A Python toolkit for anomaly detection via log analysis

Loglizer is an open-source python tool for automatic log-based anomaly detection with machine learning techniques. In this project, six popular anomaly detection methods are implemented and evaluated on two public datasets. More details (e.g., experimental results, findings) can be found in our paper.

Log Data

We collected a number of log datasets in loghub. Please send a request to acquire the data through the link.

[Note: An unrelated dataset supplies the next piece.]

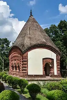 The temple stands next to the Bara Ahnik Mandir on a high platform, covered with a pyramid shaped vault. The temple's interior has one chamber with porches on the eastern and southern directions.[2] The southern frontage is extensively decorated with terracotta plaques, which depict ten incarnations Avatars of Vishnu, Lankakanda a chapter in the epic Ramayana legend, Radha-Krishna epic stories, flower designs and geometric art and scenes of the civic life of the period.[1] The frontage on the west has terracotta ornamentation panels some of which are in a dilapidated condition or pilfered.[2]

More about logTemplateMap.csv of BGL data

The file locates in the demo_bgl folder. The file is used to quickly index the event Id for each log message. For example, suppose there are 1000 log messages and each of them can be parsed into a corresponding log event (assume 10 log events in total). Then there are 1000 rows in the logTemplateMap.csv, and each entry contains the event id (1-10) of that log.


Background

Anomaly detection plays an important role in management of modern large-scale distributed systems. Logs, which record system runtime information, are widely used for anomaly detection. Traditionally, developers (or operators) often inspect the logs manually with keyword search and rule matching. The increasing scale and complexity of modern systems, however, make the volume of logs explode, which renders the infeasibility of manual inspection. To reduce manual effort, many anomaly detection methods based on automated log analysis are proposed.   In our paper, we provide a detailed review and evaluation of six state-of-the-art log-based anomaly detection methods, including three supervised methods and three unsupervised methods, and also release an open-source toolkit allowing ease of reuse. These methods have been evaluated on two publicly-available production log datasets.

Overview of framework

1. Log collection: Logs are generated and collected by system and sofwares during running, which includes distributed systems (e.g., Spark, Hadoop), standalone systems (e.g., Windows, Mac OS) and softwares (e.g., Zookeeper).
2. Log Parsing: Raw Logs contain too much runtime information (e.g., IP address, file name). These variable information are often removed after log parsing as they are useless for debugging. After parsing, raw logs become log events, which are abstraction of raw logs. Details are given in our previous work: Logparser
3. Feature Extraction: Logs are grouped into log sequences via Task ID or time, and these log sequences are vectorized and weighted.
4. Anomaly Detection: Some machine learning models are trained and applied to detect anomalies.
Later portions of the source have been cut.